Financing Best Practice

Assessing Venture Capital Funding for Small and Medium-Sized Enterprises

by Alain Fayolle and Joseph LiPuma

Executive Summary

  • Entrepreneurs and small and medium-sized enterprise (SME) managers capitalize their firms with debt equity investments, or a combination of both.

  • Equity investments such as venture capital can erode executive control but can enable access to the investor’s knowledge, advice, and networks.

  • Venture capital can be provided by business angels, independent venture capital firms (IVCs1), corporations, or universities.

  • The sources’ differing investment objectives, backgrounds, and control mechanisms deliver varying levels of added value to the SME.
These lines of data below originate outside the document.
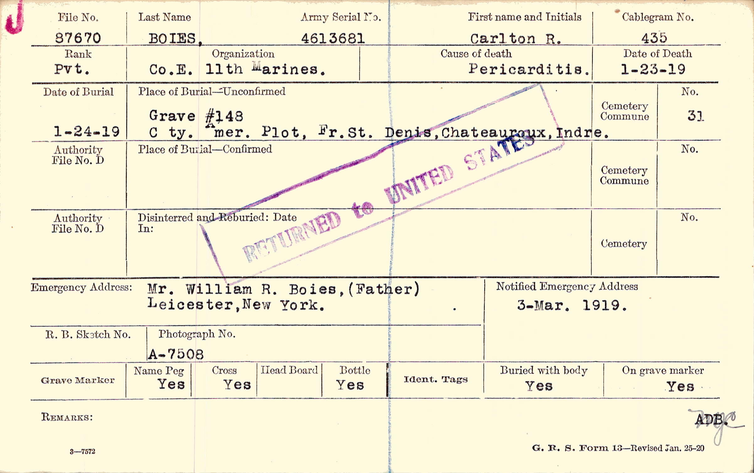 Grave #148, C ty., Amer., Plot, Fr., St Denis, Chateauroux, Indre.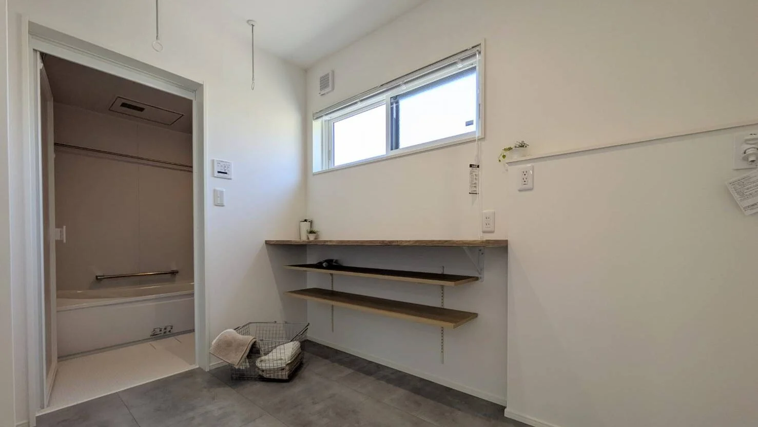 脱衣室・洗面台・玄関には、家族が並んでも窮屈さを感じない広さを確保。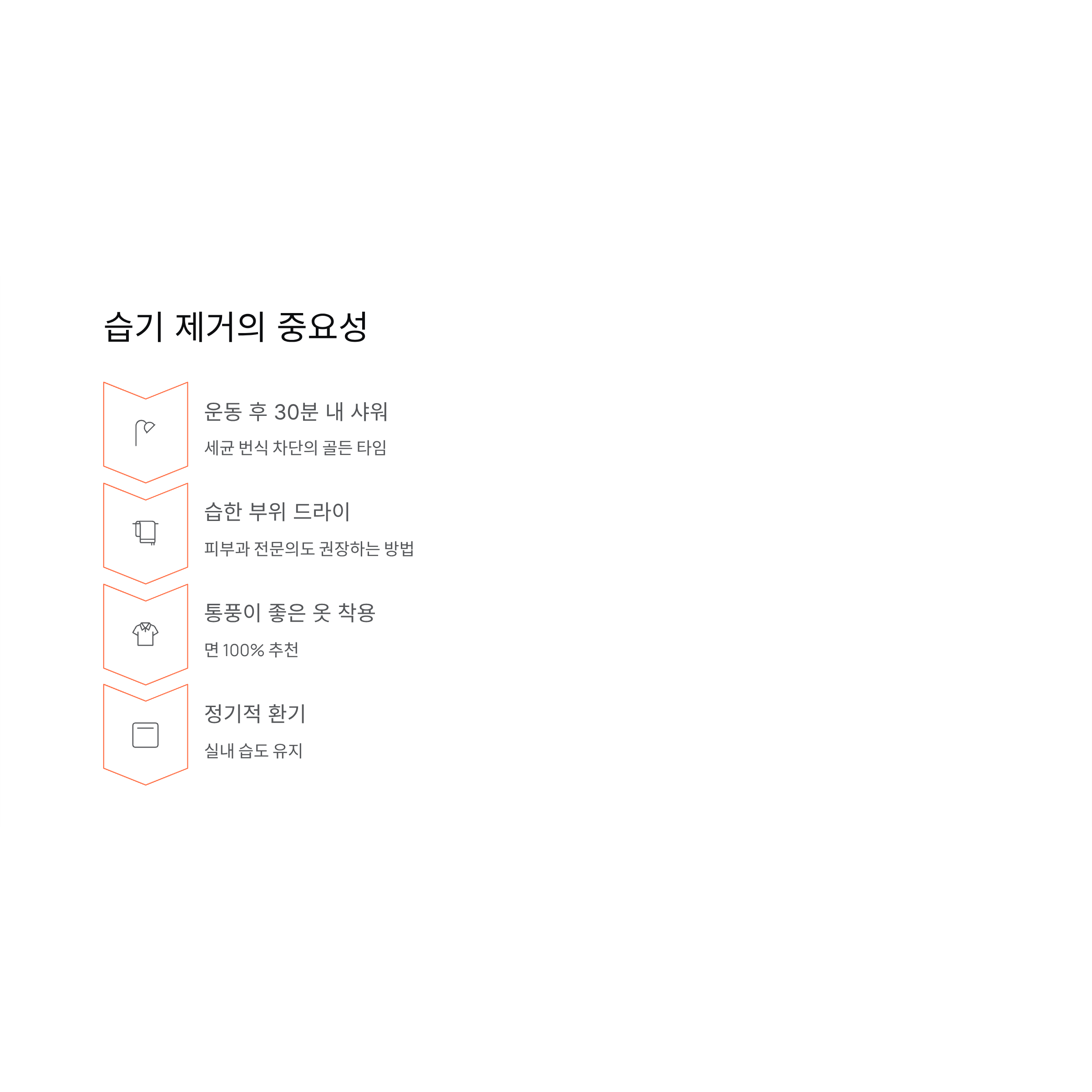 운동 후 30분 내 샤워: 세균 번식 차단.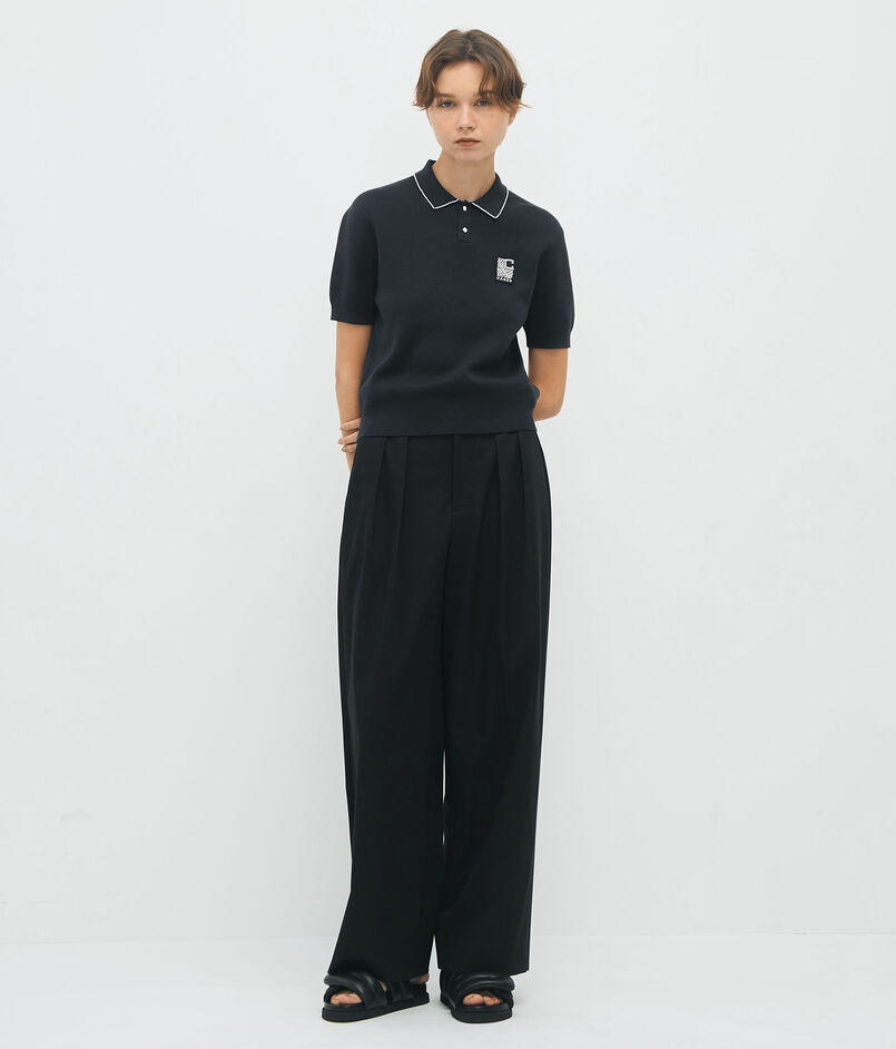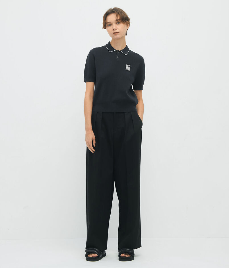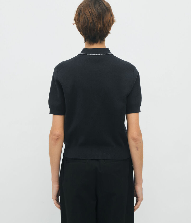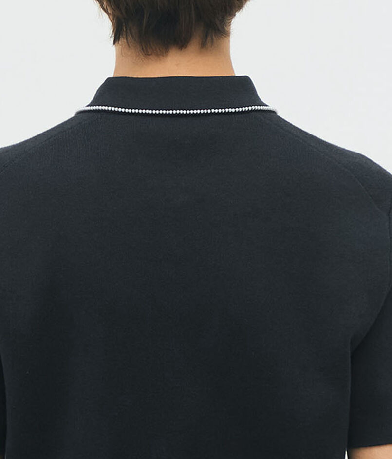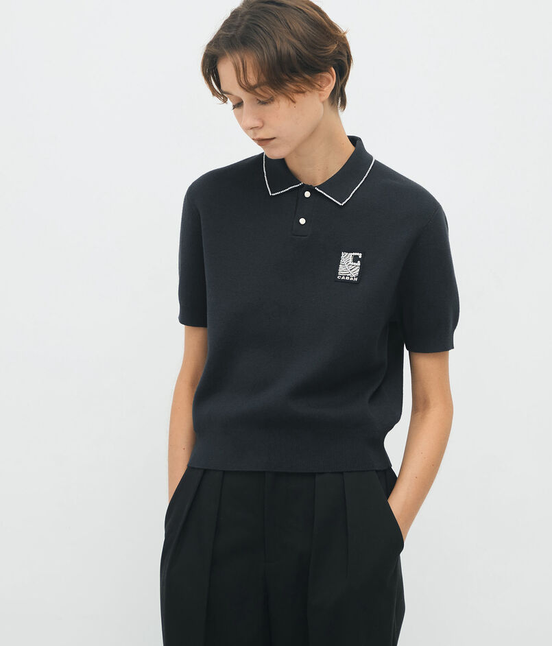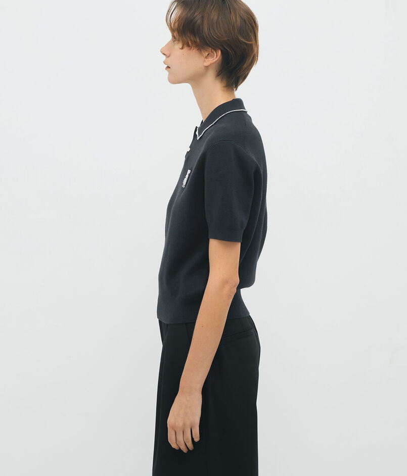 コンパクトなシルエットの半袖ポロニットプルオーバー。

  • Companies seeking venture capital should select investors whose objectives, potential to add value, and expectations of control mesh most closely with those of the entrepreneur.

Introduction

Entrepreneurs and SME managers face two key choices when financing their ventures: debt or equity. Debt in the form of personal loans (including credit cards) and bank loans, key sources for most nascent ventures, gives efficient incentives for managers to exert effort and allow entrepreneurs to maintain control. The availability and utility of debt vary significantly with economic conditions, which, in turn, will have an impact on the supply and cost of capital. To a lesser extent, entrepreneurs rely on equity financing,2 in which parties external to a venture obtain partial ownership (and control) in exchange for financial capital, thus diluting managers’ incentives to expend effort. Equity financing is particularly important for high-growth ventures, since the amount of debt financing available may not permit sufficiently rapid growth in volatile industries (for example, technology). Objectives and incentives that are well aligned between investor and manager are the most efficient and facilitate additional value for the venture.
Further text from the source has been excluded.